O "novo normal", como lhe chamam os grandes opinativos, talvez seja responsável por esta alteração de hábito ou, para parecer muito "avant la lettre", a utilização integral das novas tecnologias e a dispensa do que me acompanhou sempre. 

Na volta pela lagoa, mais abrigada da nortada e com bastantes veraneantes, dou por mim a olhar e a estranhar um grande grupo, "acampado" na areia e a regalar-se com o sol. Que grande ajuntamento! São da mesma família, para estarem assim tão juntinhos? Já tudo se estranha. Será a nova rotina? O comportamento dos outros, tão banal, já me parece esquisito? E os outros, acanham-se quando eu passo sem a distância determinada ou sem a máscara protectora? A recriminação dos comportamentos vai passar a regra? Deixaremos de tolerar as diferenças e a liberdade de cada um? Atingiremos a desfaçatez de passarmos a polícias cívicos uns dos outros? Regularemos tanto que as baias nos sufocarão? Tenho esperança que o bom senso prevaleça, que nos respeitemos dentro das diferenças, sem pensar que só o outro pode ter a "lepra" que não queremos para nós.

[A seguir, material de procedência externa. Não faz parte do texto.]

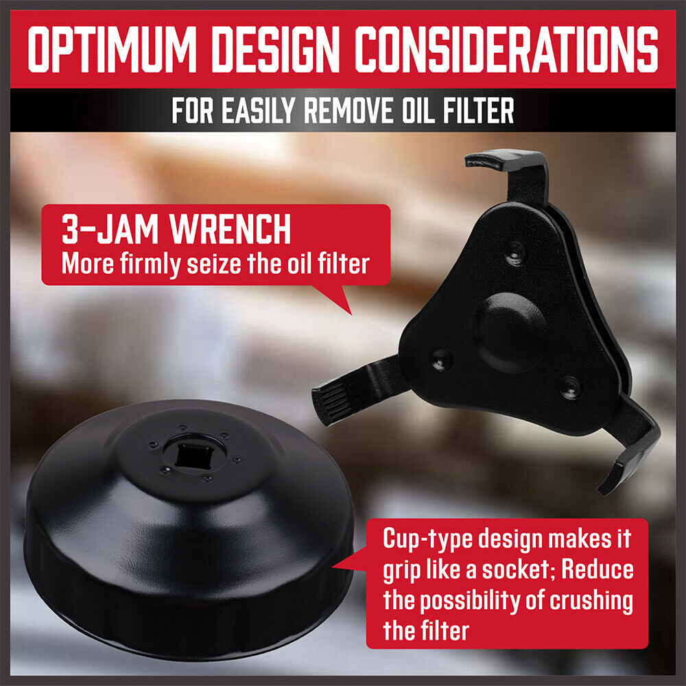 - Thoughtful Design: The low-profile design allows it to reach into the oil filter easily. The 3-jam wrench will give much more catching strength to the filters and make the removal easier.

Nestas alturas, a memória rebusca e traz sempre ao de cima a frase do polícia cioso das suas obrigações, confrontando um grupo de jovens, no qual eu me incluía, e que tinha ido fazer uma visita nocturna a Peniche, aí pelos inícios da década de 70 do século passado, bem antes de a liberdade passar por aqui.

"São proibidos os grupos agrupados e mais que dois a andar parados".